# Label Encoding
Label encoding and ordinal encoding are two techniques used to encode categorical data as numerical data.

Label encoding involves assigning a unique numerical label to each category in the variable. The labels are usually assigned in alphabetical order or based on the frequency of the categories. For example, if we have a categorical variable "color" with three possible values (red, green, blue), we can represent it using label encoding as follows:

1. Red: 2
2. Green: 1
3. Blue: 0

In [2]:
import pandas as pd
from sklearn.preprocessing import LabelEncoder

In [3]:
# Create a simple dataframe
df = pd.DataFrame({
                      'color' : ['red', 'blue', 'green', 'red', 'blue']
                  })
df.head()

Unnamed: 0,color
0,red
1,blue
2,green
3,red
4,blue


In [6]:
# Create an instance of label encoder
lbl_encoder = LabelEncoder()
# Fit and transform
lbl_encoder.fit_transform(df[['color']])

  y = column_or_1d(y, warn=True)


array([2, 0, 1, 2, 0])

In [7]:
lbl_encoder.transform([['red']]), lbl_encoder.transform([['blue']]), lbl_encoder.transform([['green']])

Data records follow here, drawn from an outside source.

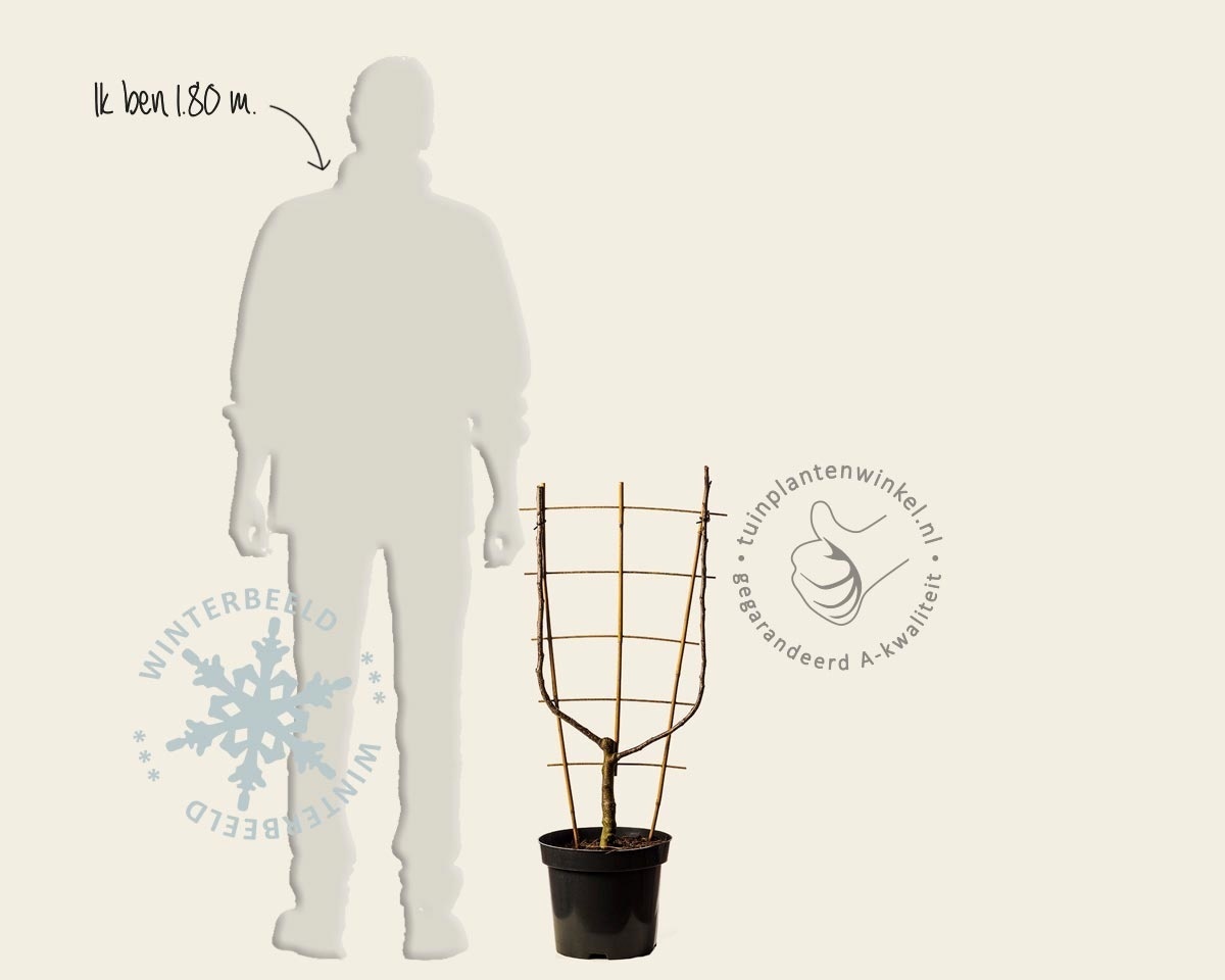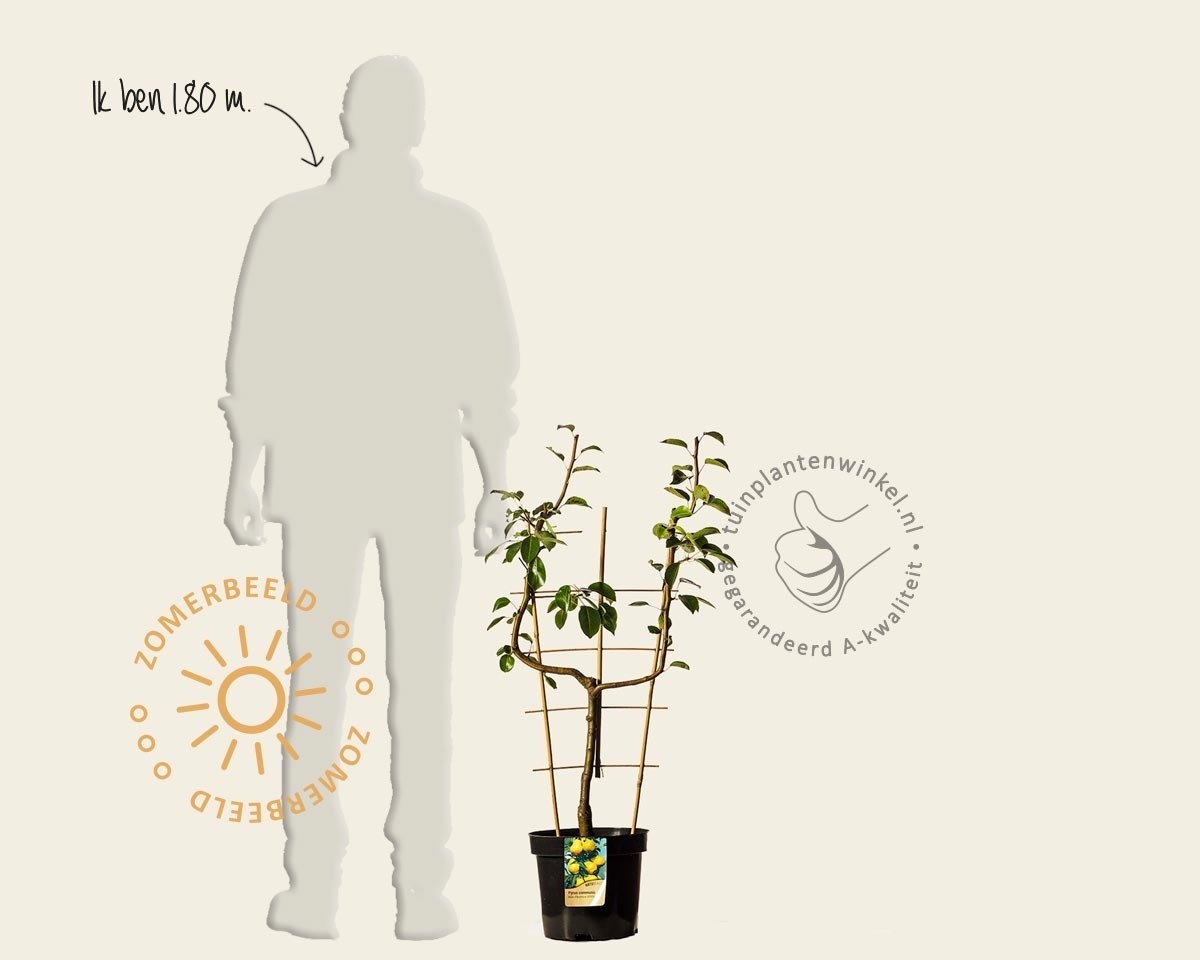 Wanneer er geen ruimte is voor een gewone fruitboom, kan een U-vorm gekweekte leifruitboom een goede oplossing zijn om toch te kunnen genieten van eigen gekweekt fruit! Een U-vorm heeft maar weinig ruimte nodig. Deze Handpeer bloeit van april t/m mei met witte bloemen en daaruit vormen zich zoete peren. Pyrus 'Williams' is een bladverliezende tuinplant.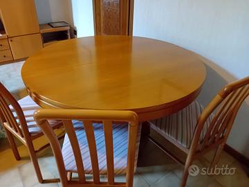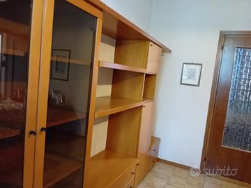 mobile sala in legno lunghezza mt.3.85, altezza mt.1.85 tavolo rotondo in legno allungabile 8 posti con sei sedie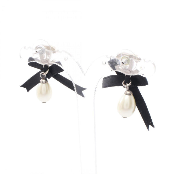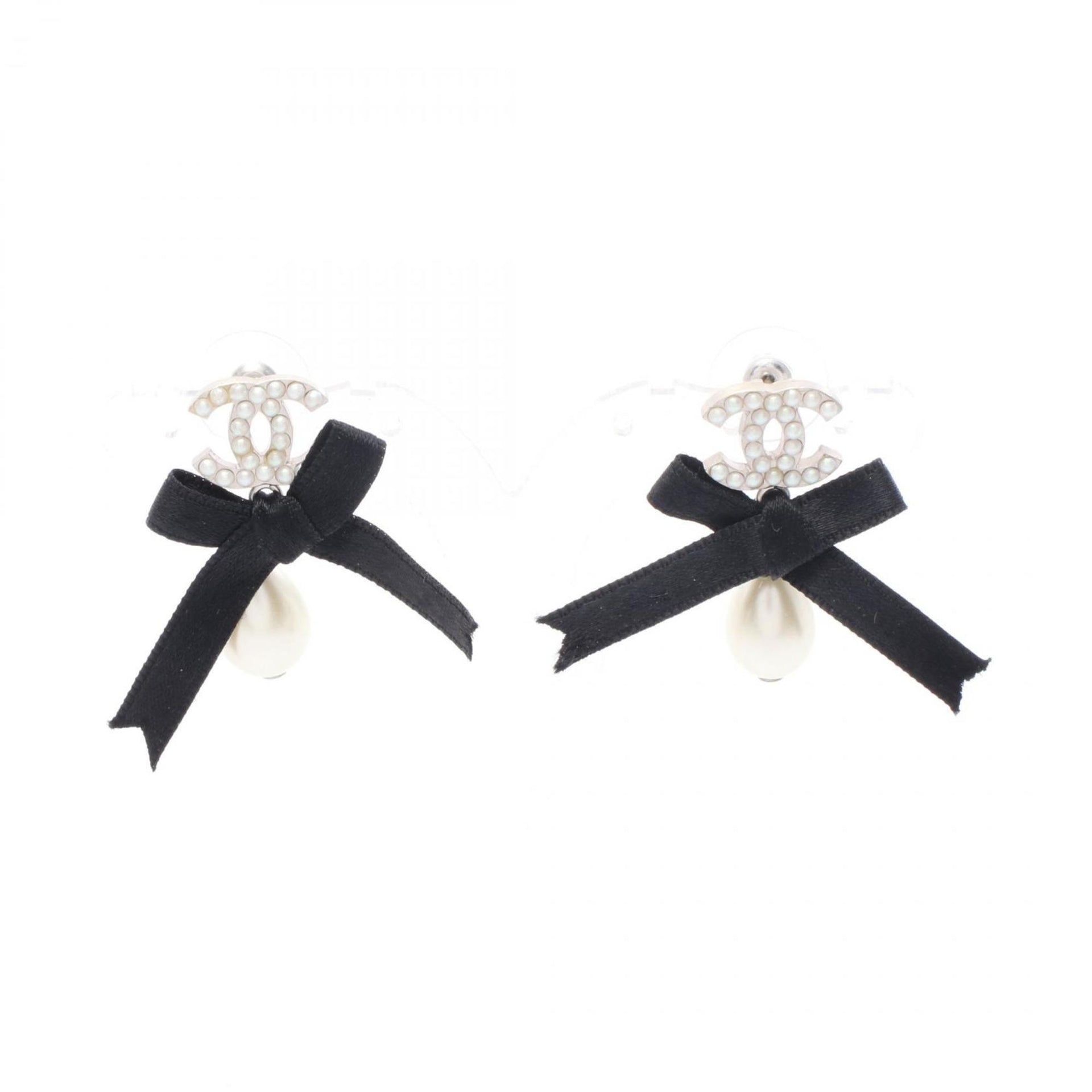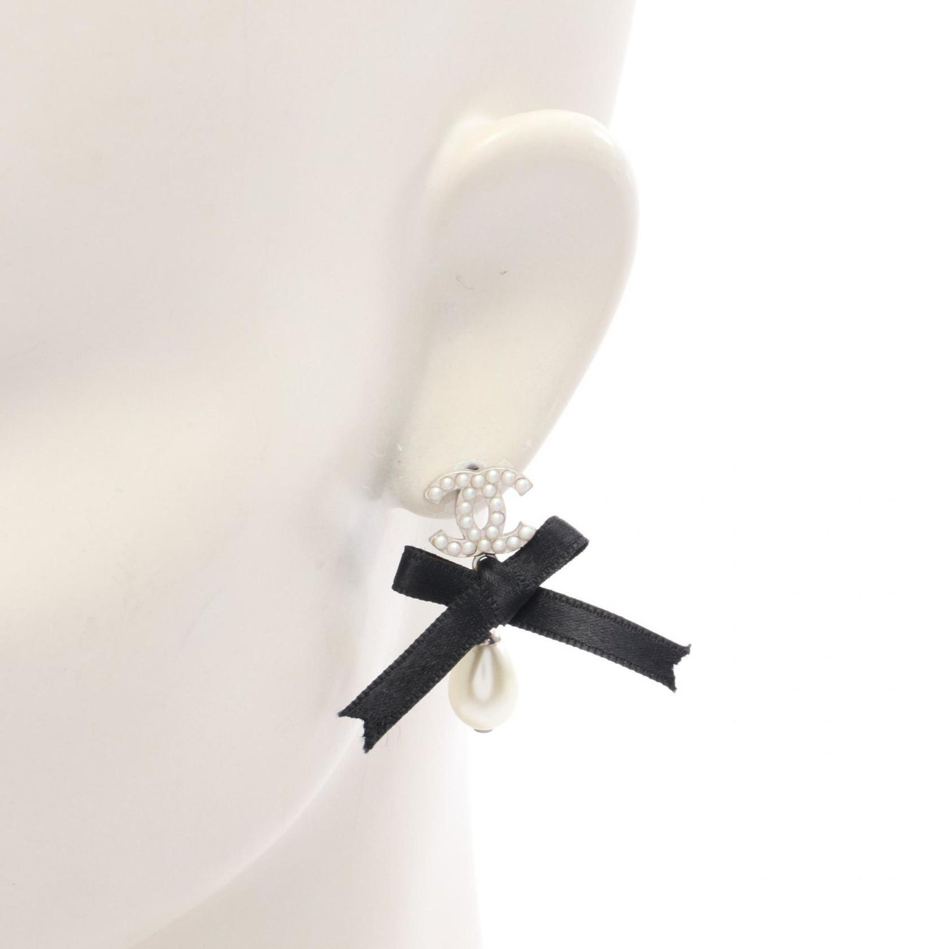 CHANEL Coco Mark Ribbon Earrings, Gold Plated with Faux Pearls, Women\'s, Available in Gold, White, and Black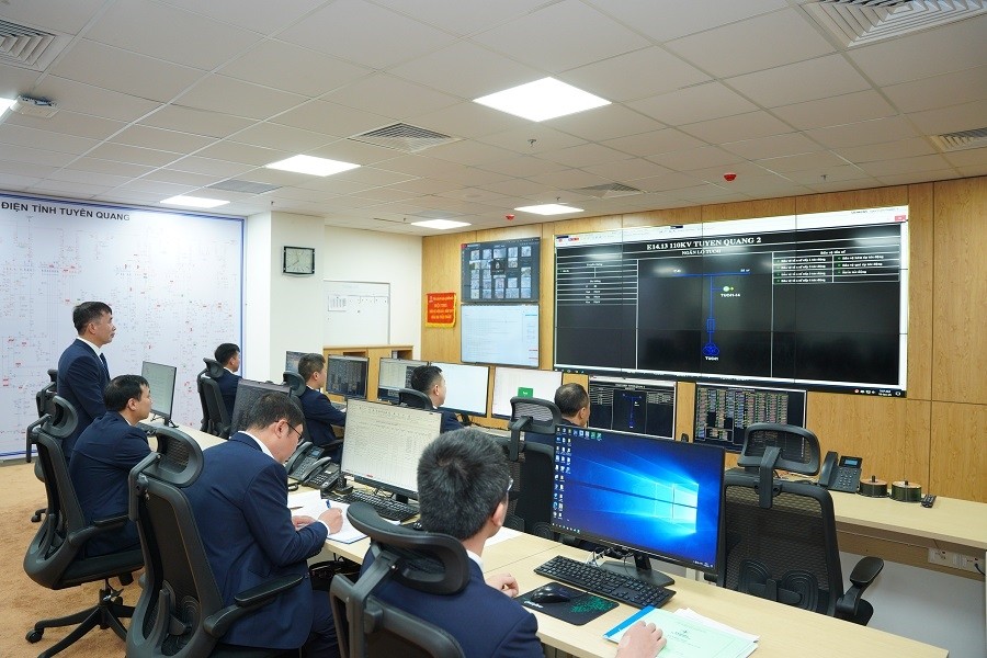 | Trung tâm điều khiển xa Công ty Điện lực Tuyên Quang trực 24/24 đảm bảo cung cấp điện trên địa bàn. (Ảnh: PC Tuyên Quang) |

  y = column_or_1d(y, dtype=self.classes_.dtype, warn=True)
  y = column_or_1d(y, dtype=self.classes_.dtype, warn=True)
  y = column_or_1d(y, dtype=self.classes_.dtype, warn=True)


(array([2]), array([0]), array([1]))

The problem with Label Encoder it assigns unique values.
1. Red: 2
2. Green: 1
3. Blue: 0

ML Model may assume that red is greater than green greater than blue

# Ordinal Encoding
It is used to encode categorical data that have an intrinsic order or ranking. In this technique, each category is assigned a numerical value based on its position in the order. For example, if we have a categorical variable "education level" with four possible values (high school, college, graduate, post-graduate), we can represent it using ordinal encoding as follows:

1. High school: 1
2. College: 2
3. Graduate: 3
4. Post-graduate: 4

In [8]:
from sklearn.preprocessing import OrdinalEncoder

In [10]:
# Creating a simple dataframe
df = pd.DataFrame({
                      'size' : ['small', 'medium', 'large', 'medium', 'large']
                  })
df

Unnamed: 0,size
0,small
1,medium
2,large
3,medium
4,large


In [12]:
# Creating an instance of OrdinalEncoder
encoder = OrdinalEncoder(categories=[['small', 'medium', 'large']]) # Assign ranks
# Fit and Transform
encoder.fit_transform(df[['size']])

array([[0.],
       [1.],
       [2.],
       [1.],
       [2.]])

In [13]:
# creating a data frame
encoded_df = pd.DataFrame(encoder.fit_transform(df[['size']]), columns=encoder.get_feature_names_out())

In [14]:
encoded_df

Unnamed: 0,size
0,0.0
1,1.0
2,2.0
3,1.0
4,2.0


In [15]:
# concat original dataframe and encoded dataframe
pd.concat([df, encoded_df], axis=1)

Unnamed: 0,size,size.1
0,small,0.0
1,medium,1.0
2,large,2.0
3,medium,1.0
4,large,2.0